Exercise details: Below are the entries; give again exactly the lines from the one mentioning "Figuur 9. Zuidelijke" through the one mentioning "Tras la Segunda", inclusive.
*** Opening of Data for the task ***
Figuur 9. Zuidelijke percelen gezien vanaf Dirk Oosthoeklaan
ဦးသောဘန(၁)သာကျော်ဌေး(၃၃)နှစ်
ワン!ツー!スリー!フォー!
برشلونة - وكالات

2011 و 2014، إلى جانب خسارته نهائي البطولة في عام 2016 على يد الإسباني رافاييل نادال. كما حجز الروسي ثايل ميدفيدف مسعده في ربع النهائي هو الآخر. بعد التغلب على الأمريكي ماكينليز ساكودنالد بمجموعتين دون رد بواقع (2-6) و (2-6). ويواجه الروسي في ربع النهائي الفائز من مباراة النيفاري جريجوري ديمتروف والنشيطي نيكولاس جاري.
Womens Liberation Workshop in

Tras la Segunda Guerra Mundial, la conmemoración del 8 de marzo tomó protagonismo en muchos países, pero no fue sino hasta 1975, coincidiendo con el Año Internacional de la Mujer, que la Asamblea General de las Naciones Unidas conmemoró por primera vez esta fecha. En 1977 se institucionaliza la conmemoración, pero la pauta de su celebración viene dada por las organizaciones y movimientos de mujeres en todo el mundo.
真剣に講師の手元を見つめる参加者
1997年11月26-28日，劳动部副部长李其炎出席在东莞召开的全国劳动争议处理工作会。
*** Close of Data for the task ***
*** Opening of Data for the task ***
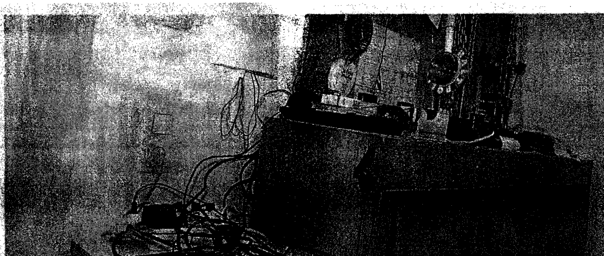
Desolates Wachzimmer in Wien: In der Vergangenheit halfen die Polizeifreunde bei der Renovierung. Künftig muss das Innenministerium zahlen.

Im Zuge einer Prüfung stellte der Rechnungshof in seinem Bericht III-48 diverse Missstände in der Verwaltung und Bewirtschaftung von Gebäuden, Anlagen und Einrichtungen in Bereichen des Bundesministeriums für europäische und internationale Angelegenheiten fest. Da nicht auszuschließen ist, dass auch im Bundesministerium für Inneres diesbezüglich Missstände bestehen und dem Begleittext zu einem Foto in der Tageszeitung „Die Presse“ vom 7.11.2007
*** Close of Data for the task ***
Solution:
Figuur 9. Zuidelijke percelen gezien vanaf Dirk Oosthoeklaan
ဦးသောဘန(၁)သာကျော်ဌေး(၃၃)နှစ်
ワン!ツー!スリー!フォー!
برشلونة - وكالات

2011 و 2014، إلى جانب خسارته نهائي البطولة في عام 2016 على يد الإسباني رافاييل نادال. كما حجز الروسي ثايل ميدفيدف مسعده في ربع النهائي هو الآخر. بعد التغلب على الأمريكي ماكينليز ساكودنالد بمجموعتين دون رد بواقع (2-6) و (2-6). ويواجه الروسي في ربع النهائي الفائز من مباراة النيفاري جريجوري ديمتروف والنشيطي نيكولاس جاري.
Womens Liberation Workshop in

Tras la Segunda Guerra Mundial, la conmemoración del 8 de marzo tomó protagonismo en muchos países, pero no fue sino hasta 1975, coincidiendo con el Año Internacional de la Mujer, que la Asamblea General de las Naciones Unidas conmemoró por primera vez esta fecha. En 1977 se institucionaliza la conmemoración, pero la pauta de su celebración viene dada por las organizaciones y movimientos de mujeres en todo el mundo.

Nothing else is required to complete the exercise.